Sobotnia porażka z akademiczkami była ostrzeżeniem, że łatwo o tytuł nie będzie. I rzeczywiście to potwierdziło się w pierwszej odsłonie wczorajszego spotkania. Wynik zmieniał się jak w kalejdoskopie, a do szatni w lepszych nastrojach schodziły miejscowe. Po zmianie stron do odrabiania strat wzięły się lublinianki, a przełom nastąpił w 48 min, kiedy nasz zespół odskoczył na trzybramkowe prowadzenie (20:17), którego nie oddał do końca. - Ciężko było, ale wiedziałyśmy, że nie możemy sobie pozwolić na dwa słabe mecze z rzędu - przyznała po końcowej syrenie Sabina Włodek.
Kapitan SPR Safo jest rekordzistką w zespole pod względem wywalczonych złotych medali. Ten jest dla niej dwunastym w karierze. - Równie ważnym jak pozostałe inne. W każdy z nich zarówno ja, jak i zespół włożył wiele pracy. Jest to ukoronowanie naszego wspólnego wysiłku - dodaje lewoskrzydłowa. - Z każdego ze zdobywanych złotych medali cieszę się coraz bardziej - nie ukrywa Andrzej Wilczek, prezes SPR Safo. - Ten tytuł zdobyliśmy w ciężkich warunkach przy różnych okolicznościach, nie tylko sportowych. Dziewczynom należy się wielkie uznanie. Za walkę, za serce jakie pozostawiają na parkiecie - dodaje sternik klubu, który nie obawia się... uzależnienia od mistrzowskich tytułów. - Od takich medali mogę się nie uwalniać - śmieje się prezes Wilczek.

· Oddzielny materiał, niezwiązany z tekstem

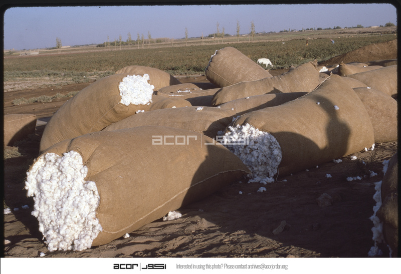 قطن محصود في أكياس في منطقة قلعة الرحبة
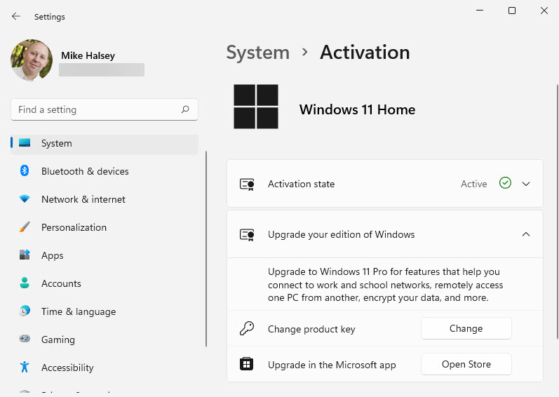 要將Windows 11 Home版本的版本升級到Windows 11 Pro,在設置中,將其導航到系統,然後瀏覽並最終進行產品密鑰和激活。如果您已經有Windows 10 Pro的產品密鑰,則可以在此處輸入。否則,在升級您的Windows選項版本中,單擊“打開存儲”按鈕。
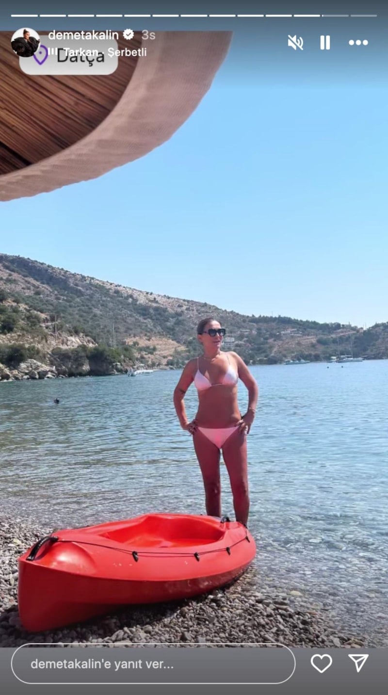 Bikinili pozlarını peş peşe paylaşan Akalın'a sosyal medyada ise yorum yağdı.
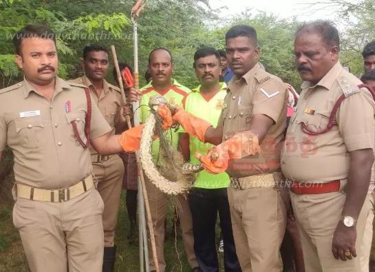 இதைக் கண்ட மீனவர்கள் உடனடியாக தீயணைப்பு துறைக்கு தகவல் தெரிவித்தனர். பின்னர் சம்பவ இடத்திற்கு வந்த தீயணைப்பு துறையினர், மலைப்பாம்பை எச்சரிக்கையுடன் பிடித்து பாதுகாப்பாக வனத்துறையினரிடம் ஒப்படைத்தனர்.
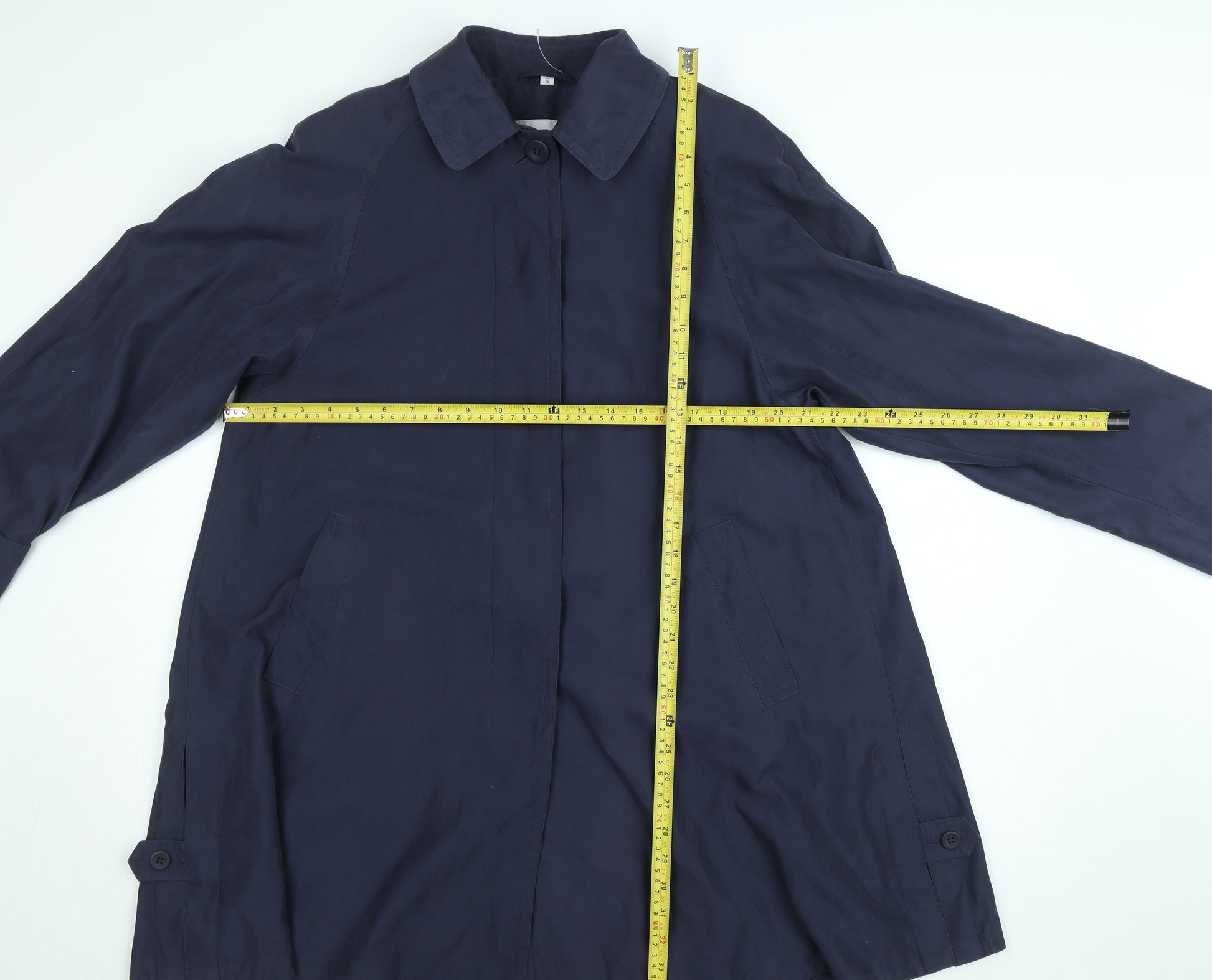 Stay stylish and comfortable whatever the weather with this elegant Dannimac women's mid-length rain coat in an attractive deep blue hue. Designed for both function and sophistication, this coat is crafted from a quality blend of nylon and polyester, finished with a Teflon coating to help resist water and light showers, making it an ideal outerwear choice for autumn and spring. The lightweight yet durable fabric ensures comfort and mobility, perfect for everyday use, commuting, or travel. The coat features a classic collared neckline and a clean, streamlined silhouette with button fastening that adds a timeless appeal to any outfit. Fully lined with soft polyester, it offers a smooth internal finish and long-lasting comfort. Practical side pockets and adjustable button tabs at the cuffs give the coat a versatile and secure fit. This Dannimac coat pairs seamlessly with both casual and smart looks, offering enduring elegance that transitions from workwear to weekend wear with ease. Its mid-length cut provides ample coverage, striking a balance between protection and style, while the durable outer shell maintains a neat structure even after frequent wear. With its understated classic appeal, this coat delivers the dependable quality Dannimac is known for. In excellent pre-loved condition with minimal signs of wear, it remains a smart choice for a buyer seeking an affordable, durable, and fashionable raincoat. Machine washable for easy care. Add this refined, water-resistant blue rain coat to your wardrobe and embrace chic protection for all seasons with a touch of timeless British outerwear craftsmanship.

Lubelska ekipa, pod względem liczby mistrzowskich tytułów, nie ma sobie równych w historii polskiego szczypiorniaka. Dziewięciokrotnie najlepszymi były piłkarki Ruchu Chorzów. Co prawda dwanaście złotych medali MP mają w swoim dorobku szczypiornistki Cracovii, ale jest to łączna liczba mistrzowskich tytułów zdobywanych na boiskach otwartych jak i w hali.
AZS AWFiS Gdańsk - SPR Safo Lublin 24:29 (16:15)
AZS: Sadowska, Mikszto - Chudzik 2, Musiał 4, Serwa 2, Naumenko 3, Konuszaniec 1, Kulwińska 1, Wilamowska 1, Szwed 2, Wojtas 8, Mielczewska. Kary: 6 min.
SPR: Chemicz, Pierzchała - E. Malczewska 2, D. Malczewska 4, Włodek 7, Damięcka 3, Rola, Majerek 5, Sztefan 1, Duran 5, Tyda, Puchacz 2. Kary: 10 min. Czerwona kartka: Damięcka (za faul w 49 min.)
Sędziowali: Bartosz Leszczyński i Marcin Piechota (obaj Płock). Widzów: 500.